As I push open the back door, I find the one and only JJ Maybank chilling in an expensive looking hot tub with a pair of sunglasses on and a bottle of champagne in hand.

"What did you do, JJ?" Pope gasps, running around the corner with Kiara.

"I got a jet going straight in my butt right now" Is JJ's amused response.

"Y'all should get in immediately, you hear me? Salud!" JJ slurs, filling up glasses with champagne as small rubber flamingos float around the hot tub.

"How much did this cost?" Pope asks and I walk forward to stand between him and Kie.

"Uh...Well, with the generator, the petrol, and oh, hey, express delivery...pretty much all of it, yeah" JJ explains nonchalantly and my eyes widen in shock.

"All of it?" Pope asks in disbelief.

"Yeah, all of it" JJ nods.

"You spent all the money in one day?" Pope grits out through a clenched jaw.

"Yeah, burned a hole right through my pocket. But, I mean, like, come on, guys, like, look at this! Finest in jet-based message therapy, that's what they told me" JJ tells us happily and I clench my jaw, looking away from the obviously manic boy.
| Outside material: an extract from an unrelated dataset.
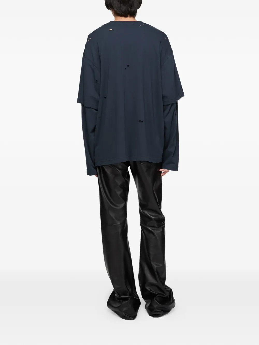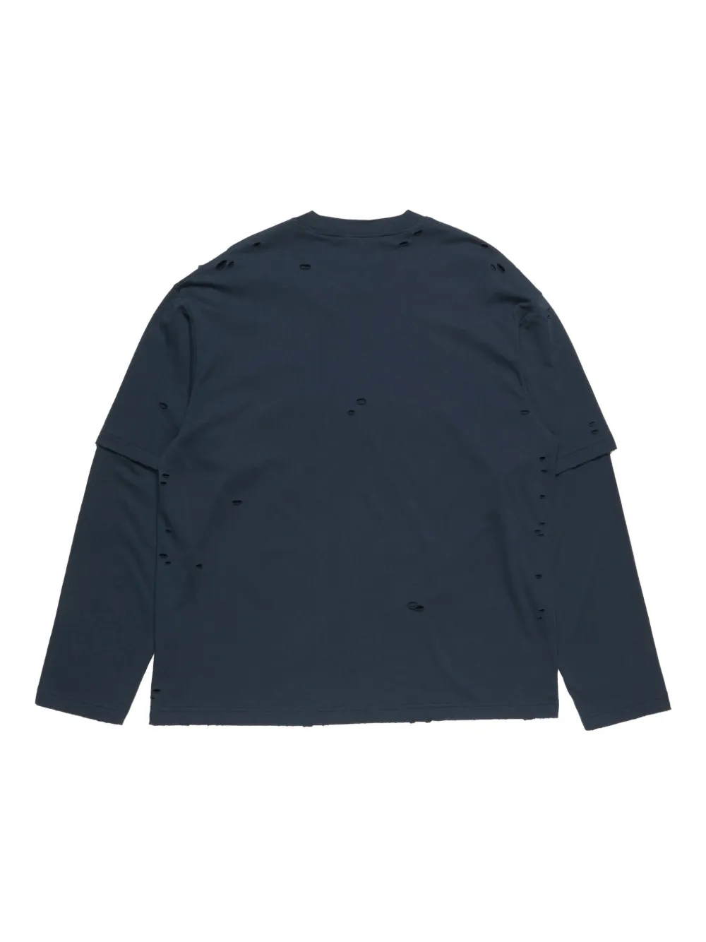 New Season Acne Studios layered logo-print distressed T-shirt Imported Highlights navy blue logo print distressed effect crew neck layered long sleeves Composition Organic Cotton 75%, Recycled Polyester 25% Washing instructions Read Manufacturer Guidelines Product IDs FARFETCH ID: 32951490 Brand style ID: CL0431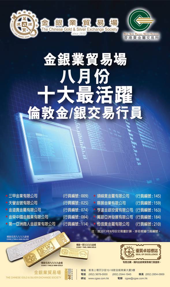 We are pleased to let you know that KAB Bullion Company Limited continued to achieve encouraging recognition from the peers and the public in the third quarter of 2013. KAB Bullion Company Limited awarded the top 10 most active trading members in August from the Chinese Gold and Silver Exchange Society (CGSE), which is the fifth consecutive month that the company won the award.

"Kie, what? Can't a man have a little luxury in life?" He slurs, getting slightly angry.

"Come on, all this scrimpin' and scrapin'. I mean, like...guys, we- You only live once, right? Enough of this emotional shit. Get in the Cat's Ass. Come on" JJ tells us.

"In the what?" Kiara asks, her voice quiet.

"In the Cat's Ass. That's what I named her" JJ says, proud of himself.

"Oh, hey, yo, I almost forgot" He adds before switching on disco lights and water starts spraying up like a water fountain "Huh? Yeah, that's right, I know. Disco mode. That's right, baby!"

"Are you kidding me?" Pope snaps at the blonde "You could have paid for restitution!"

"Or literally given it to any charity!" Kiara adds.

"Or better yet, you could have helped us buy supplies to get the rest of the gold out of the well!" Pope continues.

"Okay, well, you know what?! I didn't do that!" JJ screams, standing up and I look up at him.